Hayatımda inandığım değerleri baz alan bir anlayışım var ve bununla çelişmem. Değerlerimdende taviz verdiğim görülmez. Ama maalesef her insan gibi zaaflarım var.

Hayatta en dayanamadığım şey israf. Millet küresel ısınma konusunu yaşadığı yerde su kalmayınca idrâk etti ama ben evime aldığım tüm beyaz eşyayı A+ alan biriyim mesela. Bunu gidip 300-400 ytl fazla para vermeyi kesinlikle bir harcama kalemi olarak düşünmedim. Su ve elektriğin harcanması yerine para harcamayı tercih ettim zira geri dönüşümü zor olan kıt kaynakları harcamak büyük israf.

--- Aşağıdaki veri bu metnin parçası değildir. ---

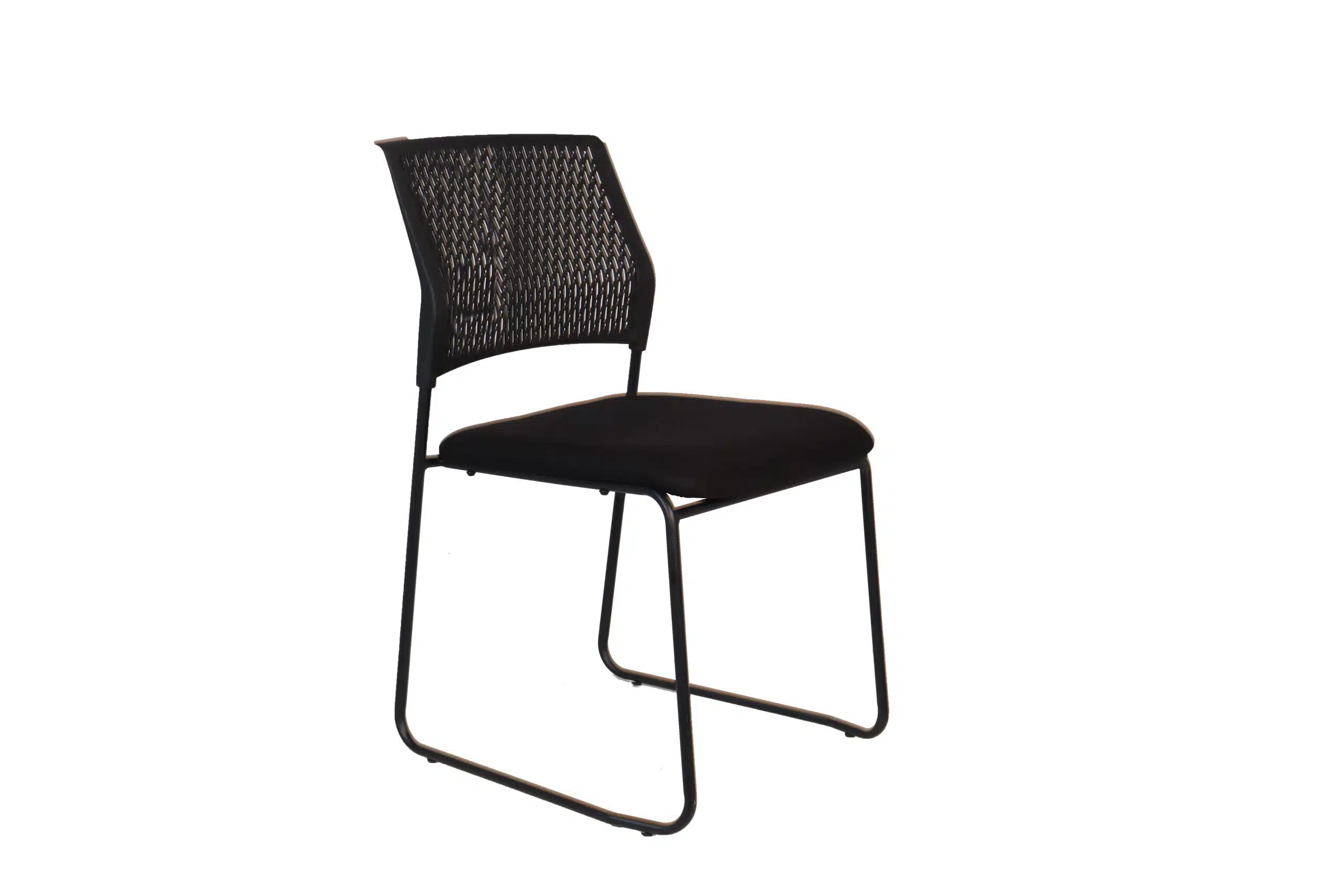 כיסא אורח גב פלסטיק מושב מרופד בד שחור גב שחור

Mesela evimde, kağıtları, camları ve diğer atıkları bile ayırtıyorum. Bunun için aile içi psikolojik baskı bile uygulamam gerekti ama alıştırdım milleti. Benim dırdırımı çekeceklerine ayırıyorlar :))
Tabii, pet şişe kullanımını minimumda tutmak, poşet almamak vb önlemleri saymıyorum bile.
Şirket içi eğitimlerin de müdavimi oldum bu küresel ısınma ile ilgili konularda. Daha birkaç hafta evvel küresel ısınmanın tehdidine dair 150 kişiye sunum yaptım. Adım çıkmış. Millet takıntılıymışım gibi bana davranıyor ama ben benden öncekilere küfür ederken en azından benden sonrakilerin bana küfür etmesini önlemek üzere elimden gelen şeyleri marjinal kalmak pahasına yapıyorum.

Gerçi ben dağ, taş, ova, yayla, köy çocuğu değilim. Pikniğe bile gitmem. Yalnız asla ve asla çevreye duyarlılığın bu kadar basite indirgenemeyeceğinin bilincindeyim. Önemli olan joking, hiking yapmak değil daha az tüketmek.

Ama... Benim de bir zaafım var. Bu zaaf: (maalesef) giyim kuşam konusunda dünya görüşümle aynı muhafazâkarlığa sahip olamamam. Temiz ve şık olmak benim için bir takıntı resmen. Bunun için para harcamaktanda çekinmiyorum. Tabii bunu derken abarttığımı sanmıyorum ama yine de vicdanım sızlıyor. Mesela, neden eskimediği halde ceket almaya devam ettiğimi, gömleklere olan tutkumu ve olmazsa olmaz ayakkabı merağımı çözebilmiş değilim. İhtiyacım olandan daha fazla ürüne sahibim ama hala almaya devam etmek konusunda dürtüme hakim olamıyorum.

Daha kötüsü, işim gereği sürekli alışveriş yerlerinde takılıyorum ve nefsimle mücadele etmek çok zor oluyor. Ama insan ZARA'ya girip boş çıkabilir mi? (Hafifletici nedene bak :P )

ne demek lazım?

LANET OLSUN İÇİMDEKİ BU TÜKETİM DUYGUSUNA !

11 Ekim 2008 Cumartesi

Düğün Heyecanı


Evlilik seremonisi ya da yaygın adıyla düğün denen organizasyon enteresan bir olay. Hiç bir rasyonel yanı olmayan bir şey kanımca.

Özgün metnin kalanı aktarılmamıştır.